Category Archives: ETEC 540 Text
Task 2 (2.3) – Does Language Shape the Way We Think?
Activity 1.4 – Defining Terms
What do the words “text” and “technology” mean to you?
Part 1. What is text? What is technology? How would you define these terms? (initial thoughts without consulting resources).
Text, as I use the term over the last few years, refers to a collection of characters that represent meaning. In my case it is usually Canadian English. In this way, my schema for information or language can be words, actions, thoughts, or text. I tend to add the suffix “book” when referring to a textbook, and find the word text referring to an entire book to be a bit old fashioned or stuffy – something nose-in-the-air academics say. It’s also a buzzword in pedagogy circles, when they refer to “different texts.”
I also use text as a verb meaning to send a message to someone through imessage or mms/sms. It’s quirky, but I don’t refer to WhatsApp or Facebook messages as texts, and definitely not email.
I think of Technology as referring to a tool created by an organism. Nothing created by a natural process counts as a technology, but any thing created by an organism that has a function does, whether it’s a crow using a stick to collect food, or a human made machine that can detect cancer. Additionally, technology usually constitutes an invention that makes some process easier, better, or accomplishes something new. I would consider the ability for ancient humans to produce pigments and create lasting cave art to be technology, but the art itself is not.
I recently listened to Ursula Frankin’s 1989 Massey Lecture on technology, in which she expanded the definition to include processes and systems as well – an individual artisan’s process would not constitute technology, but a formalized systematised process such as one that would be performed on an assembly line or to mass produce something (as opposed to art) constitutes technology. To me, this still fits my definition; even though there is no physical object to point at and call technological, the rote process is a human creation that can be taught and achieves a useful end.
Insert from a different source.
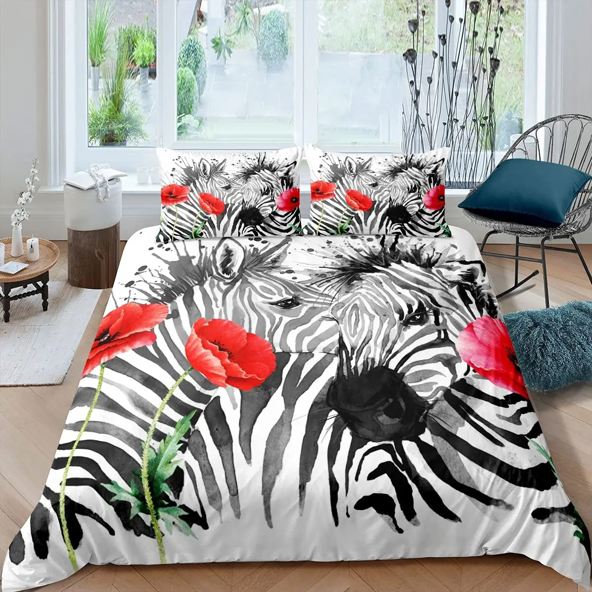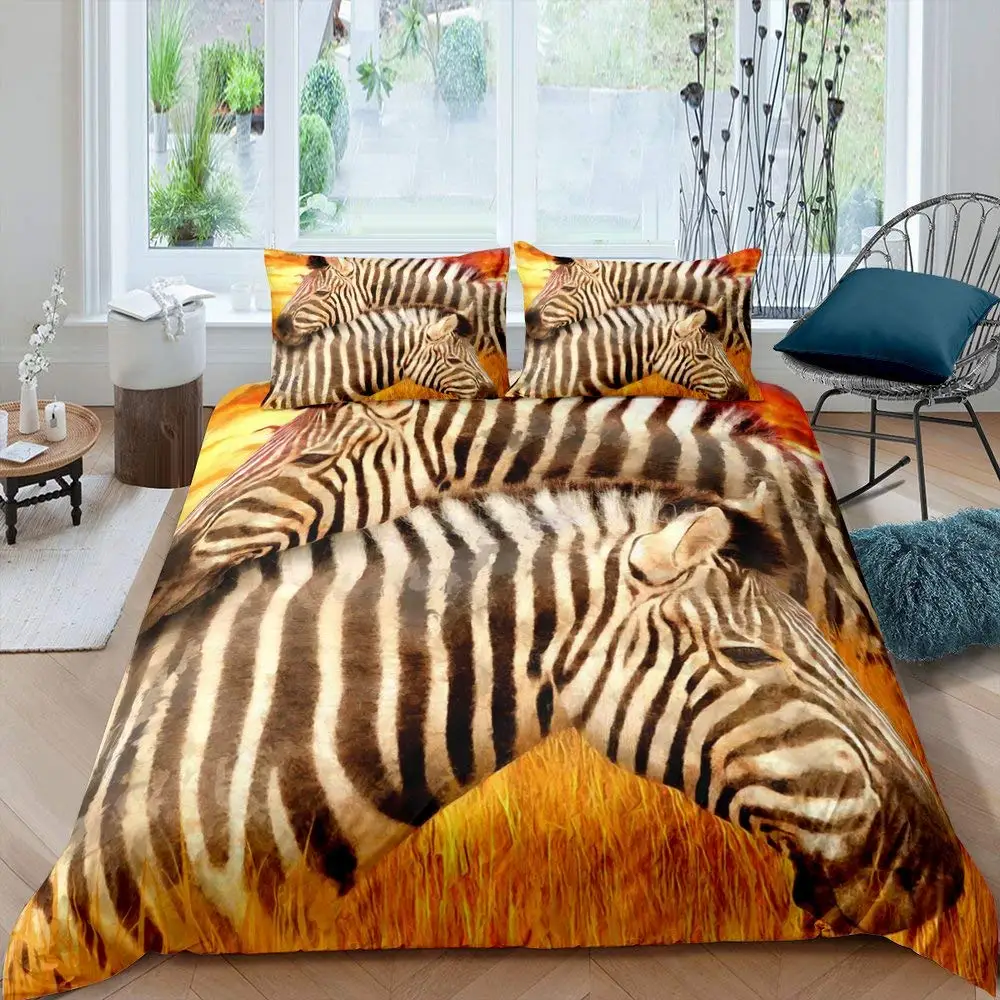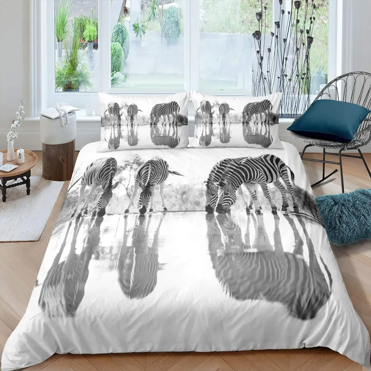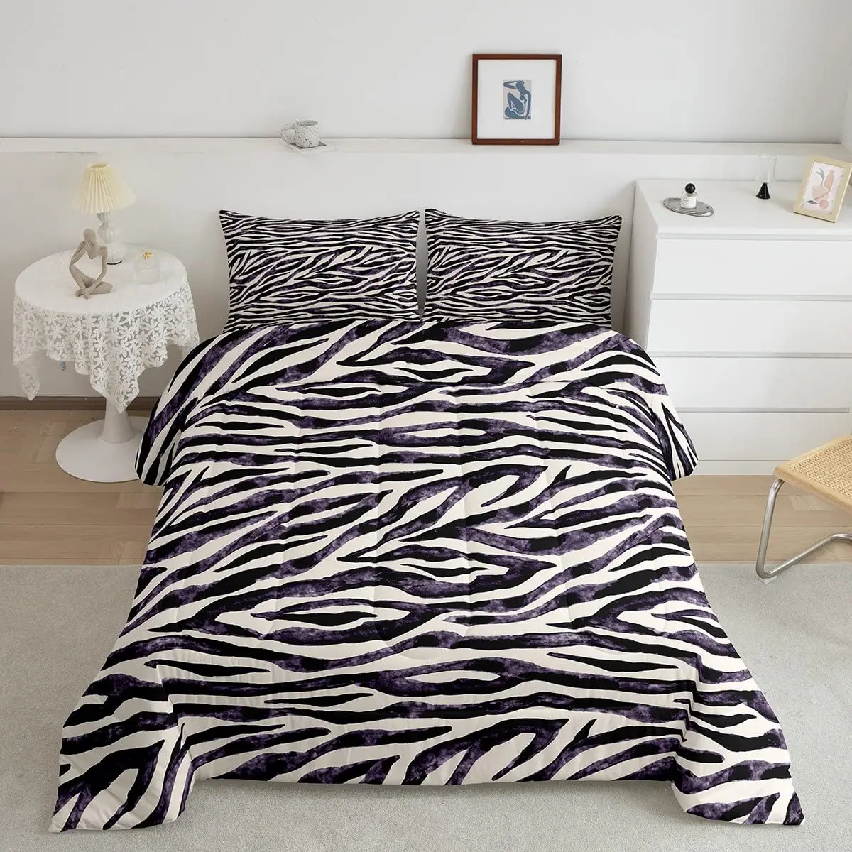 Zebra Print Bedding Set, Striped Zebra Animal Print Decorative Quilted 3 Piece Comforter Cover with 2 Pillow Shams, King Size

Part 2. Words that might have been updated based on technological advancements.
Drive
Memory
Screen
Web
Phone!
Tab
Window
Cookies
Part 3. Notes from OED Definitions
I find it interesting that my own initial definition was correct, but that my assumption about the older and more recent usage was inverted: text as referring to words is the older and original meaning, while text as short for textbook is newer (1993 addition).
It was fascinating to learn that technology originally meant a treatise on art, but the first excerpt emphasizes that it is particularly human creation as opposed to words attributed to divine origin. Also interesting is that the word technology referred to subject terminology or “technical words” in the 1600s before actually coming to mean mechanical applied science in the 1700s. It makes perfect sense that it evolved in such a way.
Part 4. Ngrams
I can’t help but wonder if a large factor in the early use of “text” is due to errors in OCR and early pre-modern English script. I don’t see any patterns that seem enlightening. The word text has had consistent use while technology was comparatively unused until a recent surge. I tried breaking down different words with “tech” as their root and it was interesting that technical had been in use far earlier, presumably with the rise of industry.
Part 5. Conclusions
I think there’s a poetic beauty to text meaning woven, or the tissue of a literary work. It really paints a picture of the meaning of the words being greater than the sum of the characters that comprises them. Teche as in teaching is related to technology in the sense that technology is a human creation of applied science, and those processes can be conveyed to a learner.